I agree. Would it be nice to have a brand new CoosaHD, of course. But that comes with a hefty price tag. I bought an ascend from bass pro 5 years ago and it has gotten plenty of fish caught from it and even overnighters I would have never been able to do without it. I have added different mods over the time to fit my liking. I do plan on upgrading one day but for now it does just fine for me.


----------



## Terry Sheline 1 (Feb 8, 2017)

James44054 said:


> love my pelicon trailblazer 100 was on a budget and the wife wanted kayaks so I picked them up cheap I know down the road I will get a fishing one but I couldent wait. First mod rod holders wasent paying 100 more for 2 holders will upload picks when I get home. Anyone else have one ?


Guy's, I just have to say that we use the cheap sun dolphin kayaks from Walmart,we got them on an end of season sale 2 yrs ago and love them, we use them on the river as well as the creeks, with a little modification such as a rod holder and a small anchor cleat, they work great,It has been the most relaxing and fun thing we have ever done,it is our love of outdoors, catching fish and having fun that makes it all worth while.


----------



## SMBHooker (Jan 3, 2008)

Budget yaks float y'all. That's all ya need. 

I actually saved up a few yrs for my Coosa, first yak ever, wish I'd of gone budget first. Missed out on alot of fun floating. If u can save a few more pennies get a Jackson - if ya can't so what float a cheapo. The water and fish don't know the diff.


----------



## scallop (Apr 1, 2007)

I started out with a Pelican 10' sit in about 6 years or so ago. Fished it ALOT and had a lot of good times in it. I added a set of stabilizers to make it more fish friendly. Just this year I upgraded to a Hobie Outback. Nothing wrong with the budget yaks, they get you on the water and get you where the fish are. I upgraded due to comfort and I like the peddle drive, otherwise I would still be fishing out of the Pelican. It still hangs in my garage and may make a trip or two out still yet.


----------



## whitey7 (Aug 20, 2014)

Exactly what everyone else said. Plus, if you scrape, scratch, or somehow destroy it, you won't cry as much. Also much easier to drill and cut holes in it for your accessories. I'd be worried about putting irreversible holes in an expensive yak. Lastly, the fish can't tell the difference between a $2,000 or a $200 yak. Just set the hook and have fun!!


----------



## Saugeyefisher (Jul 19, 2010)

My goal when getting my kayak was to get on the water for as cheap as possible. Got a 10 sot pelican an couldn't be happier. I think I have 225$ in it all. Maybe 250.
I love it.


----------



## Saugeye Tom (Oct 6, 2010)

I agree with all posts....the only thing is comfort as we age.....


----------



## Saugeyefisher (Jul 19, 2010)

Saugeye Tom said:


> I agree with all posts....the only thing is comfort as we age.....

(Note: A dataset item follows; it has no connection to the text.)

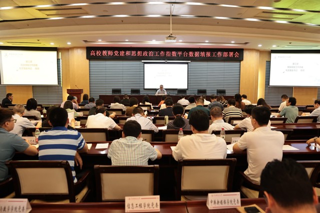 新闻网讯(通讯员 李必成 摄影 崔桢桢)5月31日上午,学校在中原楼七楼会议室召开高校教师党建和思想政治工作指数平台数据填报工作部署会。校党委副书记陈狮,党委教师工作委员会成员单位以及数据填报相关职能部门主要负责人、各教学单位党委书记及师德建设工作小组联络人共60人参加会议。会议由陈狮主持。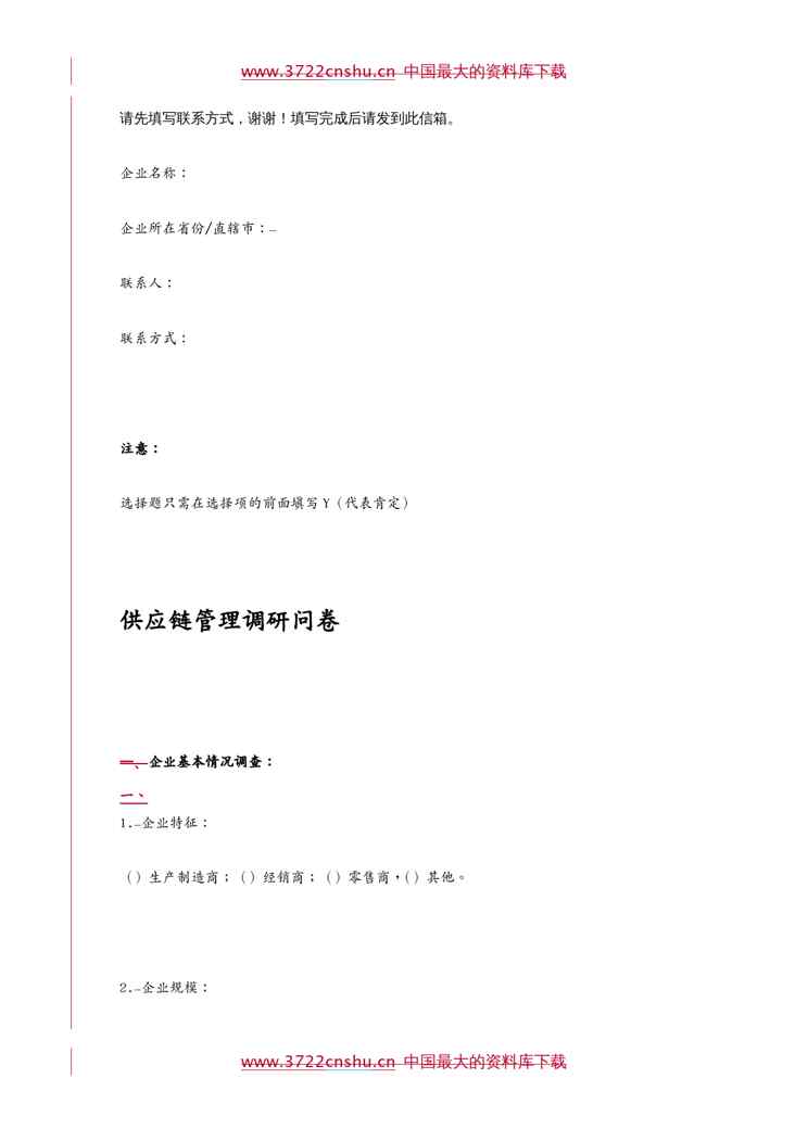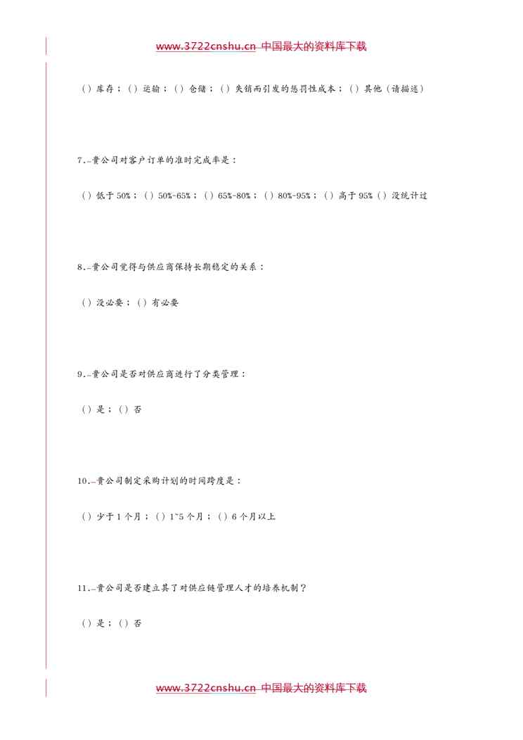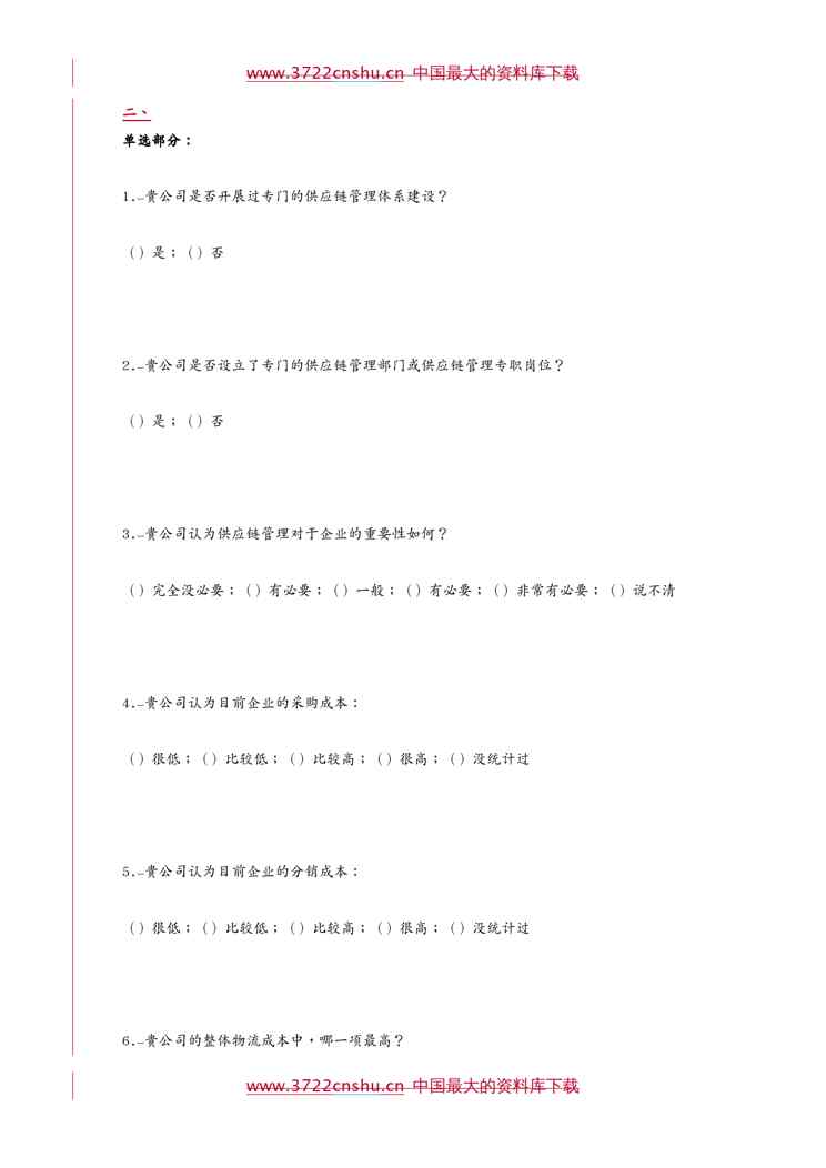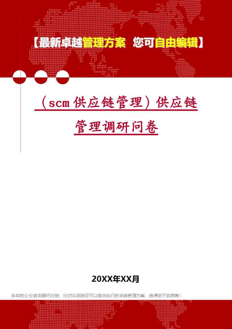 不久前,最新文档《(scm供应链管理)供应链管理调研问卷》全文正式在本站发布,感兴趣的用户可以下载阅读。 声明:本站所有文章,如无特殊说明或标注,均为本站原创发布。任何个人或组织,在未征得本站同意时,禁止复制、盗用、采集、发布本站内容到任何网站、书籍等各类媒体平台。如若本站内容侵犯了原著者的合法权益,可联系我们进行处理。

I agree 100% with the comfort thing. I'm only 32 but having ra there are plenty of days I have a hard time sitting in my kayak. 
I have not put a good seat on my kayak yet but plan on it. Lol I use a hemeroide innertube now,an it works pretty good. 
And I've used a bigger better kayak where I could move around more an that helped. But for the type of fishing I do,I'd just get a small used boat/trailer if I where to drop the $ some of these bigger badder kayaks cost. 
If I run across a great deal on a bigger better kayak I plan i will pick one up. My kids are getting to be old enough to use one. I tried repairing some bigger scratches using the method posted in this forum,where the guy uses a melted tarp to patch his kayak,an feel I'll be able to keep the cheap one floating for a long time.


----------



## erie sniper (Apr 30, 2017)

I wish I had a camera with me yesterday while I was at Metzger Marsh. I saw 2 guys fishing from small "boats". The first guy had a nice Kayak and I think he made a post yesterday about catching pike and LMB. The other guy had a big white cooler sitting on top of a paddle board, now that is kayak fishing on the cheap. What ever floats and gets you to the fish!


----------



## Saugeye Tom (Oct 6, 2010)

erie sniper said:


> I wish I had a camera with me yesterday while I was at Metzger Marsh. I saw 2 guys fishing from small "boats". The first guy had a nice Kayak and I think he made a post yesterday about catching pike and LMB. The other guy had a big white cooler sitting on top of a paddle board, now that is kayak fishing on the cheap. What ever floats and gets you to the fish!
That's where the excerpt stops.